Letter: Alaska Aerospace Corporation

The Alaska Aerospace Corporation (AAC) has $4 million of unused funds left over from last year, and had legislators done their job and passed HB 256 – Amendment 7 on March 10, the money would have been put back into the state’s general funds to help pay for programs that are being cut (seniors, education, e.g).

The AAC keeps saying it wants to ‘privatize’ but in order to do so it wants the state to turn over all the assets — cash balances, reappropriated funds, contracts, accounts receivable, office leases, furniture, furnishings, equipment and supplies — to its ‘new’ company. If the state agrees to the transfer of all these assets, the AAC would allow the state to receive future revenues from the AAC’s ventures. Unbelievable! The AAC should be obligated and forced to pay all the dividends it owes and never paid the state under the original agreement 20 years ago. Why should the state hand over all assets to the AAC when it has not received any investment return? If AAC cannot privatize on its own without the state’s help, then it needs to seek out funds from private investors or else shut down its operations.
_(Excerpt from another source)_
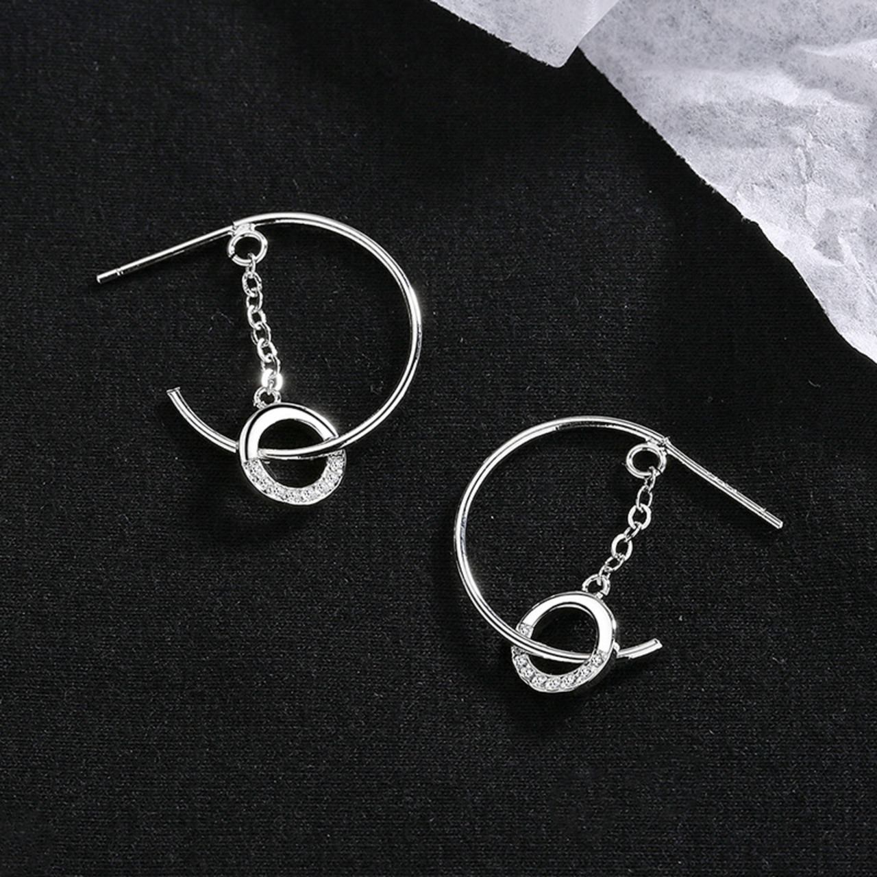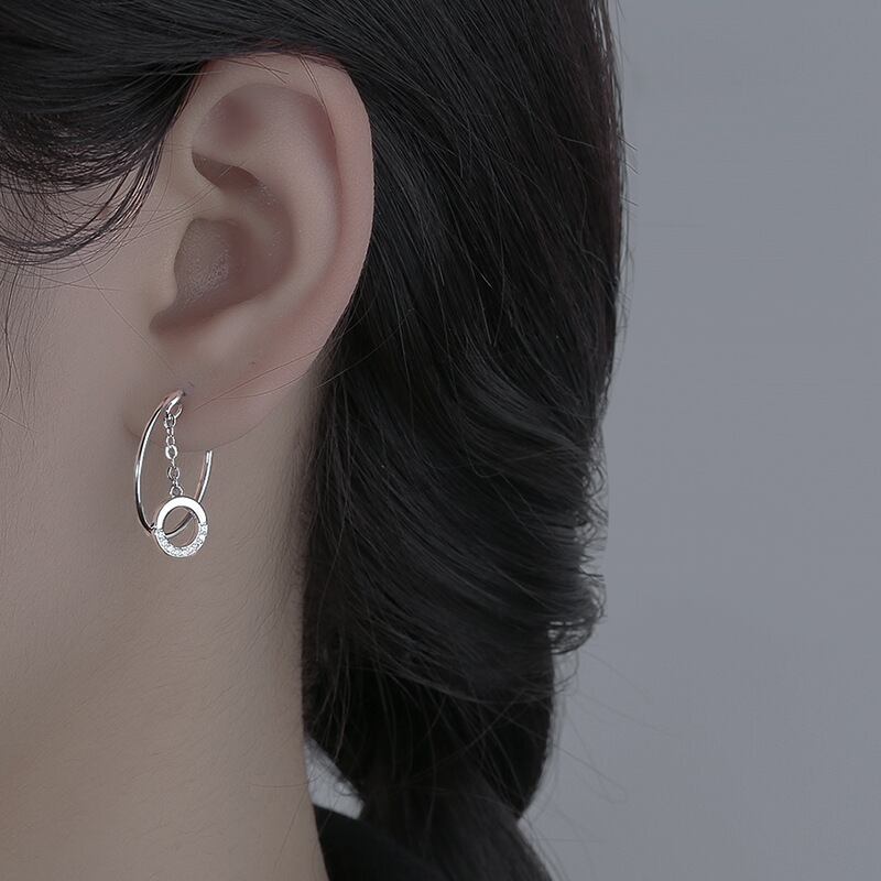 LIVVY シルバーカラークリエイティブ幾何学サークルジルコンイヤリング女性の高級トレンディエレガンス気質パーティージュエリー 指輪 銀 Liv39490261194

Futhermore, the AAC wants the governor’s administration to introduce legislation this session reappropriating $2.3 million of the FY 2013 medium-lift appropriation to fund all of its transitional expenses, i.e legal, financial, accounting, financial advisory and administrative services and any other necessary things for the AAC to go ‘private.’ I doubt the administration has helped other individuals set up their own companies using state funds.